Temporal dissection of Bax-induced events leading to fission of the single mitochondrion in Trypanosoma brucei

Anne Crausaz Esseiva 1,4,7, Anne-Laure Chanez 1,4,7, Natacha Bochud-Allemann 1,4, Jean-Claude Martinou 2,5, Andrew Hemphill 3,6, André Schneider 1,4,a
PMCID: PMC1299006  PMID: 14968134

Abstract

The protozoan Trypanosoma brucei has a single mitochondrion and lacks an apoptotic machinery. Here we show that expression of the proapoptotic protein Bax in T. brucei causes the release of cytochrome c, the depolarization of the mitochondrial membrane potential and mitochondrial fission. However, in contrast to mammalian cells, the three events are temporally well separated. The release of cytochrome c from the intermembrane space precedes mitochondrial fission, showing that it does not depend on mitochondrial fragmentation. Furthermore, halting Bax expression allows some cells to recover even after mitochondrial fission, the last recorded event, went to completion, indicating that all three Bax-induced events are, in principle, reversible.

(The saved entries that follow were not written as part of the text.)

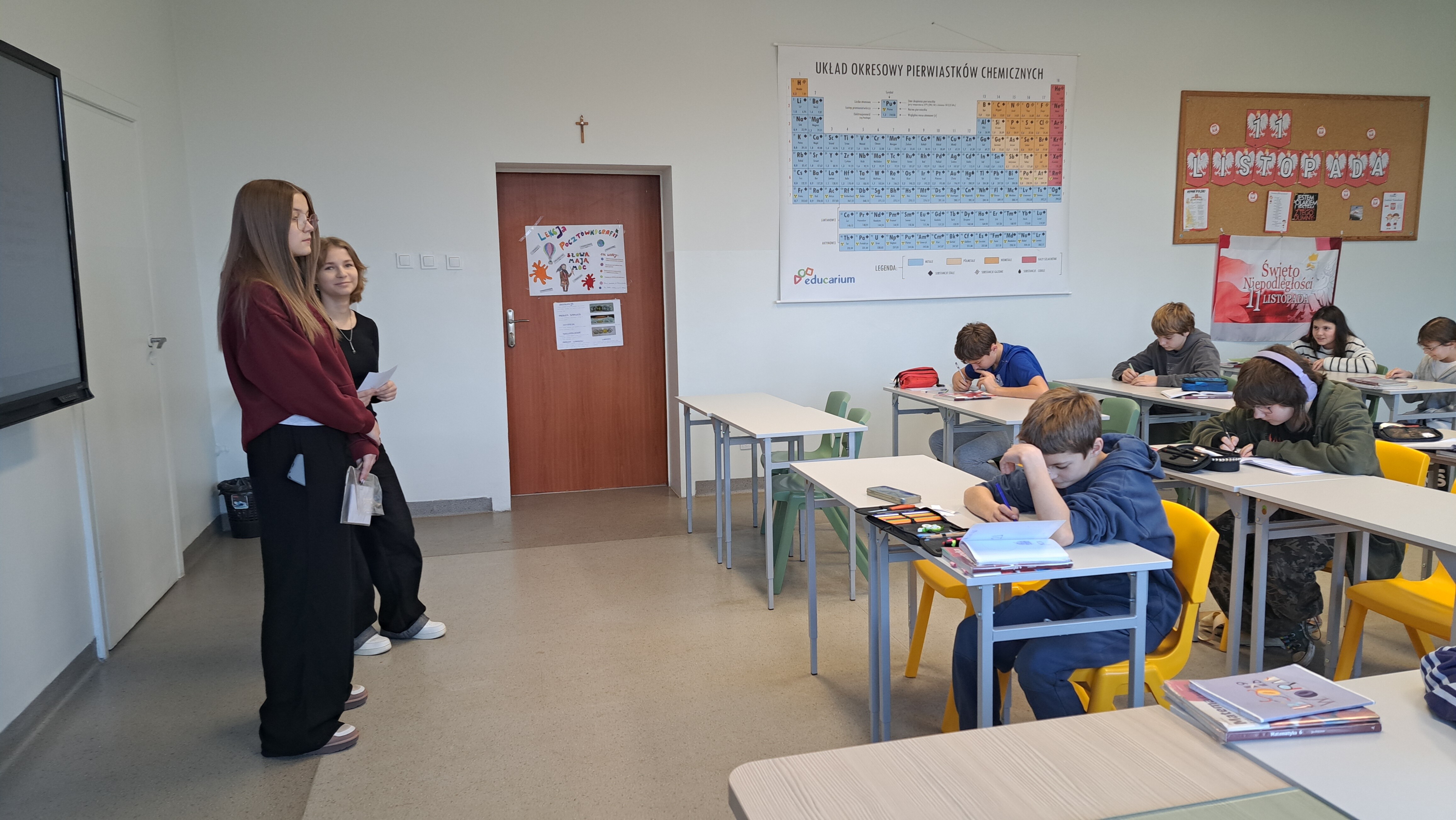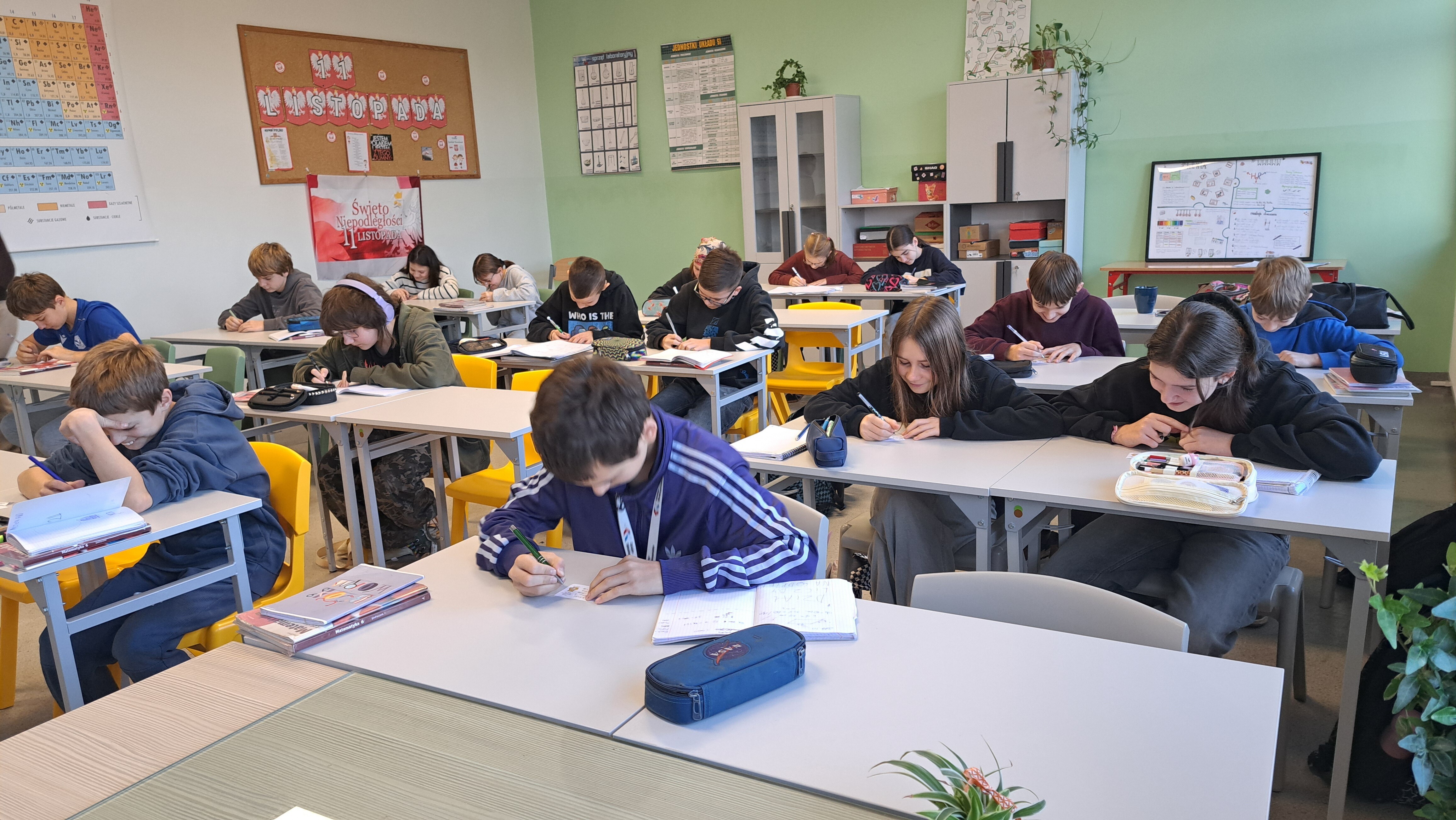 W piątek 21 listopada br., jak co roku nasza szkoła wzięła udział w XV Światowym Dniu Tabliczki Mnożenia. Uczniowie klas ósmych zamienili się w egzaminatorów i sprawdzali znajomość tabliczki mnożenia wśród uczniów klas 3-6. Podczas lekcji każdy uczeń miał możliwość sprawdzić swoje umiejętności. Następnie osoba, która wykonała zadania poprawnie i najszybciej zakwalifikowała się do kolejnego etapu. Kolejnym etapem był konkurs na Mistrza Tabliczki Mnożenia, który odbył się za pomocą platformy Kahoot. Każdy uczeń został poproszony, aby pojawił się wraz ze swoim wychowawcą. Uczniowie rywalizowali ze sobą na poziomie klas oraz wybieraliśmy również najlepszego nauczyciela ze znajomością tabliczki mnożenia. Uczniowie klas 4-6 mieli również dodatkowe zadania podczas lekcji matematyki. Wykonywali stacje zadaniowe związane z tabliczką mnożenia. Zabawa była ciekawa i wrócimy do tematu za rok.
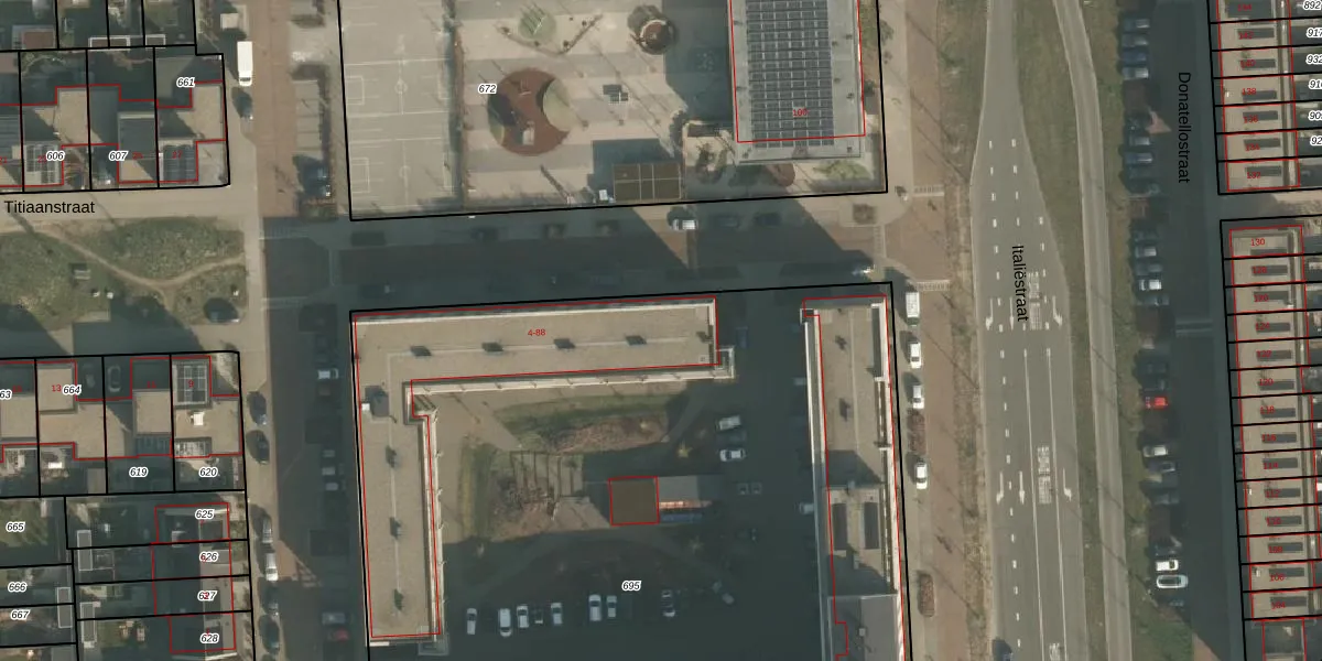 Het perceel waarop Titiaanstraat 42 staat heeft een oppervlakte van 5850 m². Dit is een zeer groot perceel. De perceeloppervlakte wordt geregistreerd door het Kadaster. Gedetailleerde informatie over de maten van dit perceel kunt u vinden in het rapport Kadastrale kaart met maatvoering van Titiaanstraat 42.
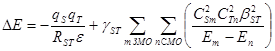 В уравнениях (31, 32) qS и qT – эффективные заряды на центрах S и Т, RST – расстояние между центрами в ходе взаимодействия, e – диэлектрическая проницаемость среды. Таким образом, первый член (возмущение 1го порядка) отражает энергию кулоновского взаимодействия. Второй член (возмущение 2го порядка) определяет энергию орбитального перекрывания и включает: gST – коэффициент, учитывающий заселенность электронами орбиталей c1 и c2,
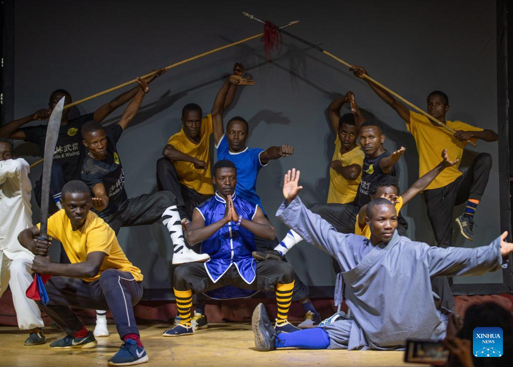 Kenyan students perform Chinese Kongfu during a Chinese cultural event held at the Kenya National Theater in Nairobi, Kenya, Nov. 28, 2022. Launched by the Chinese Embassy in Kenya, Kenya Cultural Center and Confucius Institute at the University of Nairobi, an event themed with Chinese opera was held at the Kenya National Theater on Monday in Nairobi. A series of activities enables attendees to have a better knowledge of Chinese opera and experience the charm of traditional Chinese culture. (Xinhua/Li Yahui)

Keywords: apoptosis, cytochrome c, membrane potential

Introduction

The main components of the apopotic death machinery include the pro- and anti-apoptotic members of the Bcl-2 protein family as well as caspases. Mitochondria are central players in apoptosis, as activation of the caspase cascade is often initiated by the release of cytochrome c and other intermembrane space components (Desagher & Martinou, 2000; Ferri & Kroemer, 2001; Newmeyer & Ferguson-Miller, 2003). In addition to permeabilization of the outer membrane, a loss of the membrane potential and, in some cases, changes in mitochondrial morphology such as fission are observed (Desagher & Martinou, 2000; Frank et al, 2001; Karbowski et al, 2002). All effects are initiated by pro-apoptotic proteins such as Bax, which directly interact with mitochondria. However, by which molecular mechanisms they exert their effects and in which order is still unclear.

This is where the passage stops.